The nuances of base64 encoding strings in JavaScript

Matt Joseph

base64 encoding and decoding is a common form of transforming binary content to be represented as web-safe text. It's used commonly for data URLs, such as inline images.

What happens when you apply base64 encoding and decoding to strings in JavaScript? This post explores the nuances and common pitfalls to avoid.

btoa() and atob()

The core functions to base64 encode and decode in JavaScript are btoa() and atob(). btoa() goes from a string to a base64-encoded string, and atob() decodes back.

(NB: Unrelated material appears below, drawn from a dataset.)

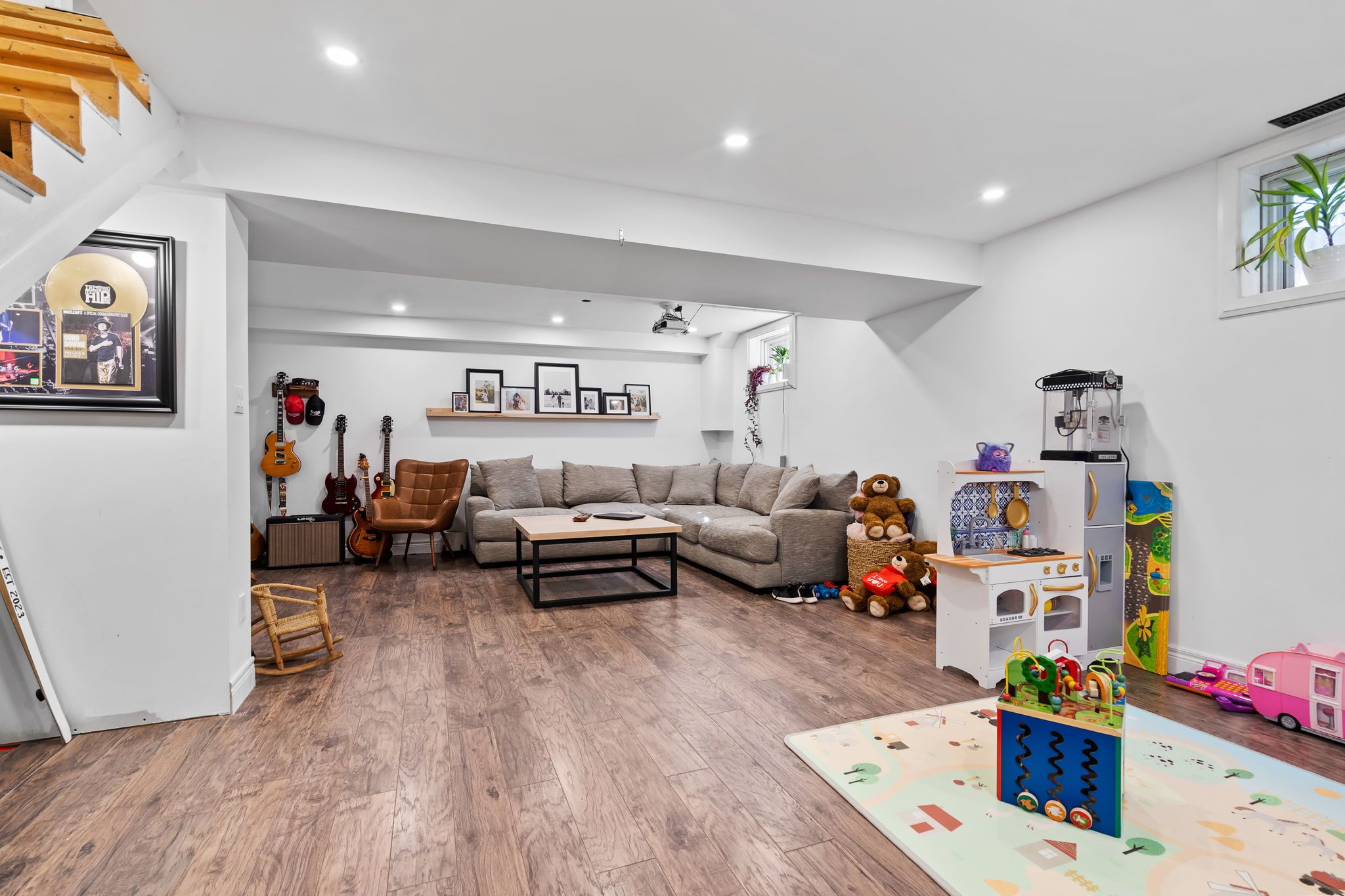 • Spacious finished lower level perfect for kids or family movie nights.

The following shows a quick example:

// A really plain string that is just code points below 128.
const asciiString = 'hello';

// This will work. It will print:
// Encoded string: [aGVsbG8=]
const asciiStringEncoded = btoa(asciiString);
console.log(`Encoded string: [${asciiStringEncoded}]`);

// This will work. It will print:
// Decoded string: [hello]
const asciiStringDecoded = atob(asciiStringEncoded);
console.log(`Decoded string: [${asciiStringDecoded}]`);

Unfortunately, as noted by the MDN docs, this only works with strings that contain ASCII characters, or characters that can be represented by a single byte. In other words, this won't work with Unicode.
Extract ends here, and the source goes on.